» **PROBLEM DETAILS**
Retype exactly what appears below from the line containing "Masło znajduje się" down to the line containing "Twee grote borstzakken", keeping both end lines. Do not include pictures.
[Opening DATA TO USE section]
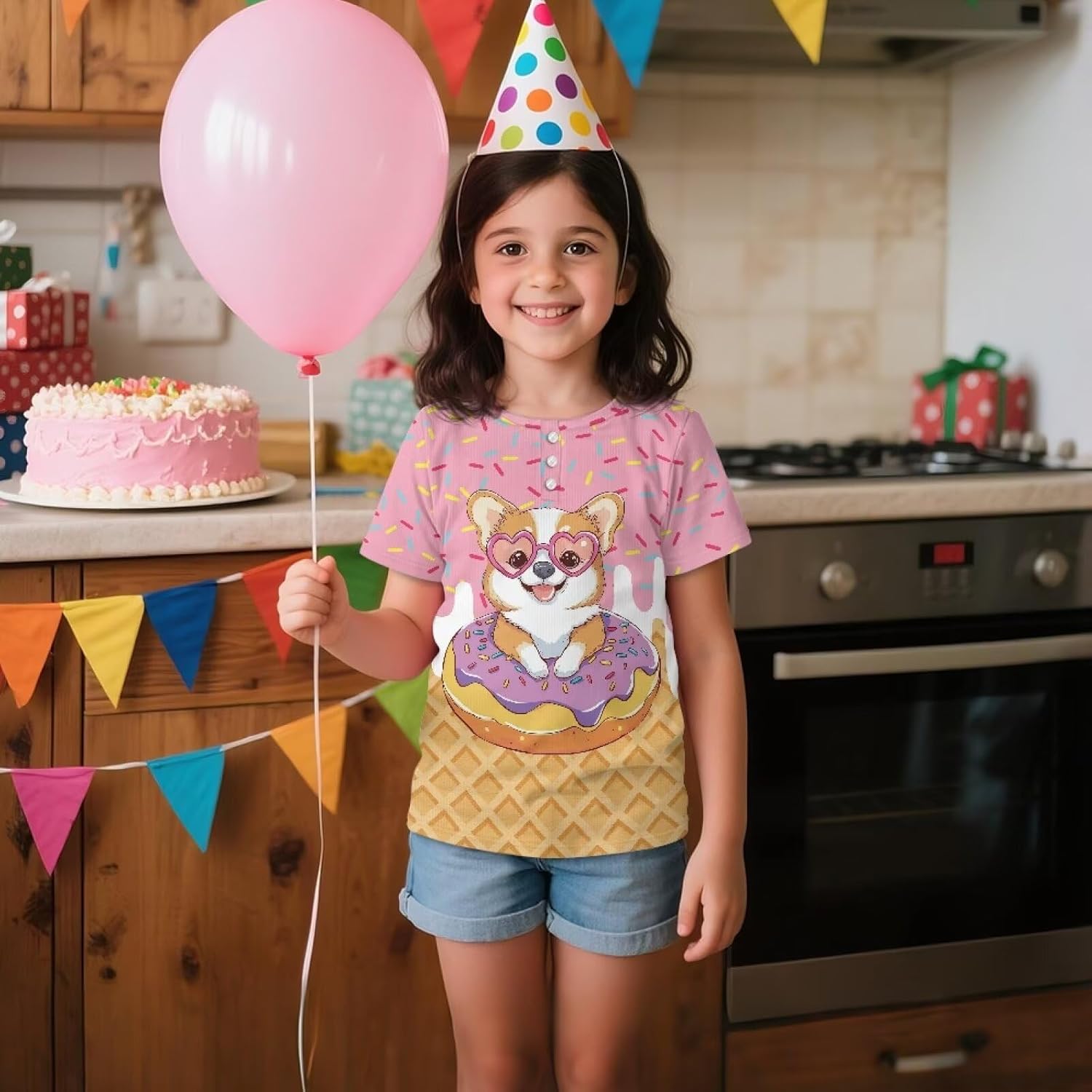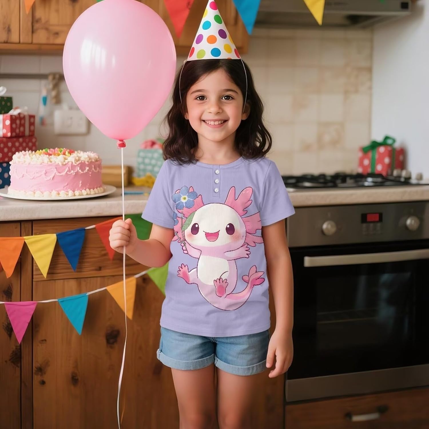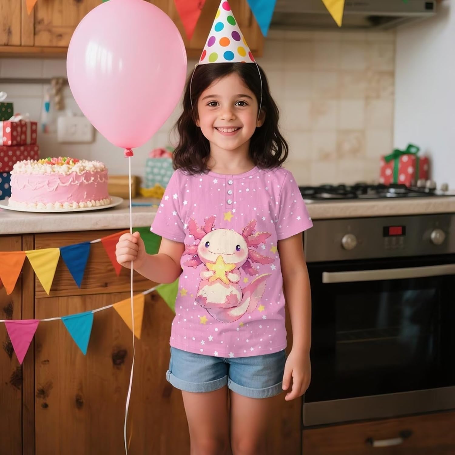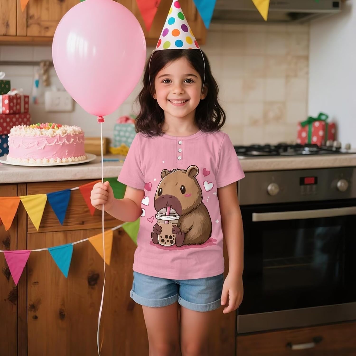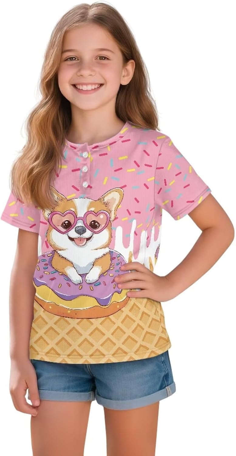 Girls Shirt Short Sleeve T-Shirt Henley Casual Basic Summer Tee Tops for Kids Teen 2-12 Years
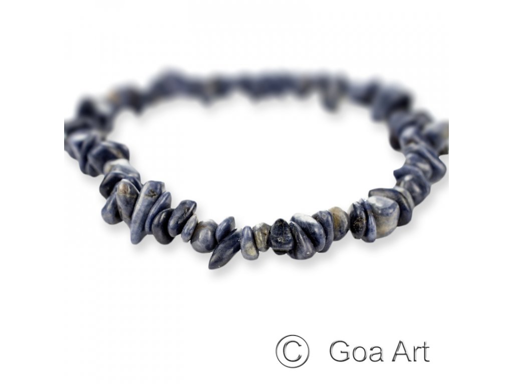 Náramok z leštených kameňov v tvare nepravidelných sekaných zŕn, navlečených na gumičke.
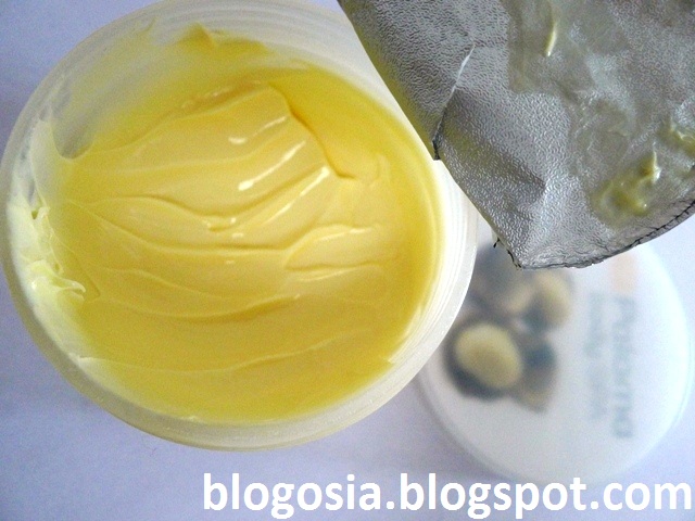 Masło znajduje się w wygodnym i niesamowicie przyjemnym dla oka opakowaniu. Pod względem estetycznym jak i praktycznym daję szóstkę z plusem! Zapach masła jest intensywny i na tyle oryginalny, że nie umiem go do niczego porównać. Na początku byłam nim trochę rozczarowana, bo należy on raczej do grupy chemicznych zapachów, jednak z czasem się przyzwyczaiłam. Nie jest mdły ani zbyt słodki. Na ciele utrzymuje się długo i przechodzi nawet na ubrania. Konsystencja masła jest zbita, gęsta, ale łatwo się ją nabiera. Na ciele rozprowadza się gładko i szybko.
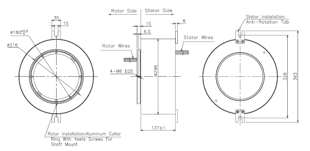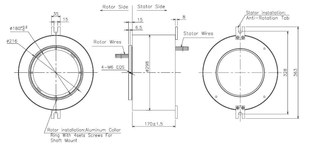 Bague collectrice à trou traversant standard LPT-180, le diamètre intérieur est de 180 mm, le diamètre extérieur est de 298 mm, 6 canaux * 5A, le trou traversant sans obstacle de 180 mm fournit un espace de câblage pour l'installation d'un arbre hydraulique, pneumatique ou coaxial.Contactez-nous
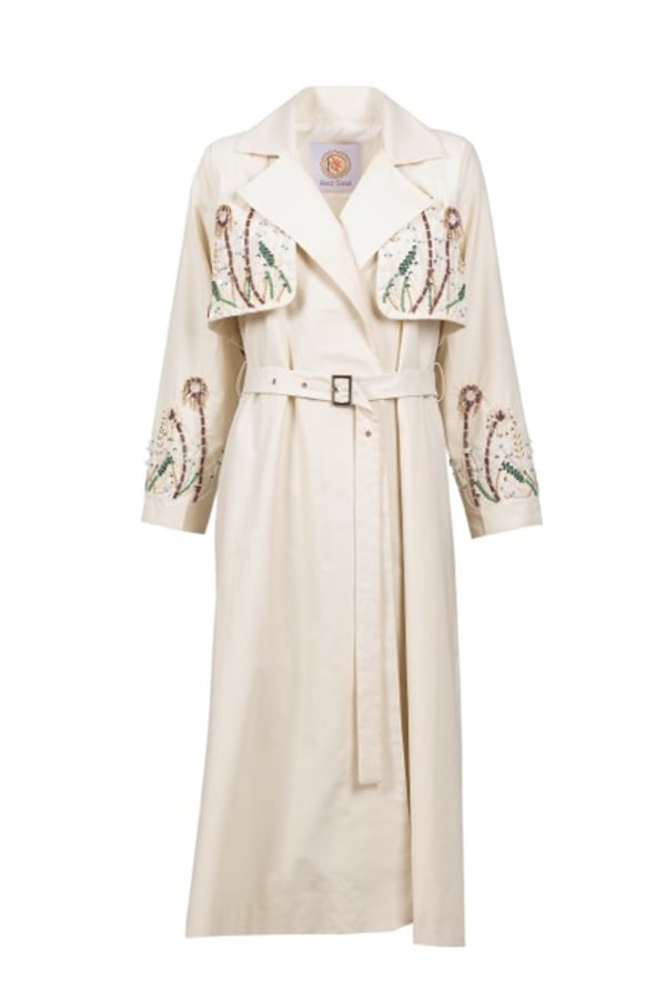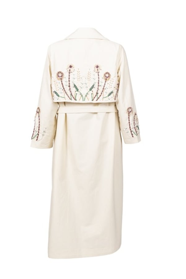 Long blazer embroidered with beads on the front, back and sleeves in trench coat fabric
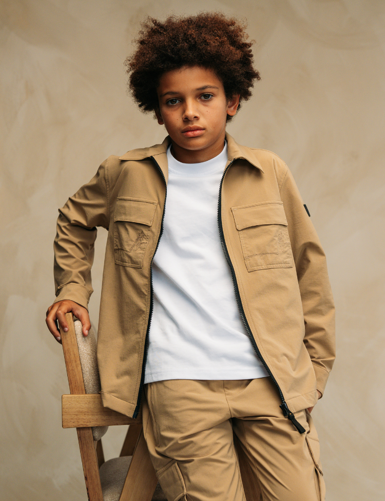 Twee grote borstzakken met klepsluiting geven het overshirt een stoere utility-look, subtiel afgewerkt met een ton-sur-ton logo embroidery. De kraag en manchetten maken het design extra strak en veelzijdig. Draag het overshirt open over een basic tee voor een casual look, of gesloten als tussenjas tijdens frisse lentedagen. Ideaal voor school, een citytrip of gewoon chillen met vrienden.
[Closing DATA TO USE section]
[Opening DATA TO USE section]
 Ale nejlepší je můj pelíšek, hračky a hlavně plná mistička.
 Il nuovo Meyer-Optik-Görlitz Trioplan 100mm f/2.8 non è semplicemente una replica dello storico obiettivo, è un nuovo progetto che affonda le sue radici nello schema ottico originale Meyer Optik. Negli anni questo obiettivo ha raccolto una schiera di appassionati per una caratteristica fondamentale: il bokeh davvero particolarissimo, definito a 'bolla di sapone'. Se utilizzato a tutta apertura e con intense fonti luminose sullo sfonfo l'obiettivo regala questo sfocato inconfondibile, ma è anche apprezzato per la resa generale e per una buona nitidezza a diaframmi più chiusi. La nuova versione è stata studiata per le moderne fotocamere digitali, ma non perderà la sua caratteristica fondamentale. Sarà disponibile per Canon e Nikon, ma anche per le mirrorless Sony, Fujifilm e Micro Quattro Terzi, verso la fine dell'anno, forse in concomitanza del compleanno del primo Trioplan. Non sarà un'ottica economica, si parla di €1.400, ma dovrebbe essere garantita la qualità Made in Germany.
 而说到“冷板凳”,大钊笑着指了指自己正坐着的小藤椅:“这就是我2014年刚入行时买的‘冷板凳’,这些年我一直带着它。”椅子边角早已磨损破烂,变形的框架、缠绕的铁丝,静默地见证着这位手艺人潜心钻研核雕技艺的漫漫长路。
[Closing DATA TO USE section]
» **THE COMPLETED TASK**
 Masło znajduje się w wygodnym i niesamowicie przyjemnym dla oka opakowaniu. Pod względem estetycznym jak i praktycznym daję szóstkę z plusem! Zapach masła jest intensywny i na tyle oryginalny, że nie umiem go do niczego porównać. Na początku byłam nim trochę rozczarowana, bo należy on raczej do grupy chemicznych zapachów, jednak z czasem się przyzwyczaiłam. Nie jest mdły ani zbyt słodki. Na ciele utrzymuje się długo i przechodzi nawet na ubrania. Konsystencja masła jest zbita, gęsta, ale łatwo się ją nabiera. Na ciele rozprowadza się gładko i szybko.
 Bague collectrice à trou traversant standard LPT-180, le diamètre intérieur est de 180 mm, le diamètre extérieur est de 298 mm, 6 canaux * 5A, le trou traversant sans obstacle de 180 mm fournit un espace de câblage pour l'installation d'un arbre hydraulique, pneumatique ou coaxial.Contactez-nous
 Long blazer embroidered with beads on the front, back and sleeves in trench coat fabric
 Twee grote borstzakken met klepsluiting geven het overshirt een stoere utility-look, subtiel afgewerkt met een ton-sur-ton logo embroidery. De kraag en manchetten maken het design extra strak en veelzijdig. Draag het overshirt open over een basic tee voor een casual look, of gesloten als tussenjas tijdens frisse lentedagen. Ideaal voor school, een citytrip of gewoon chillen met vrienden.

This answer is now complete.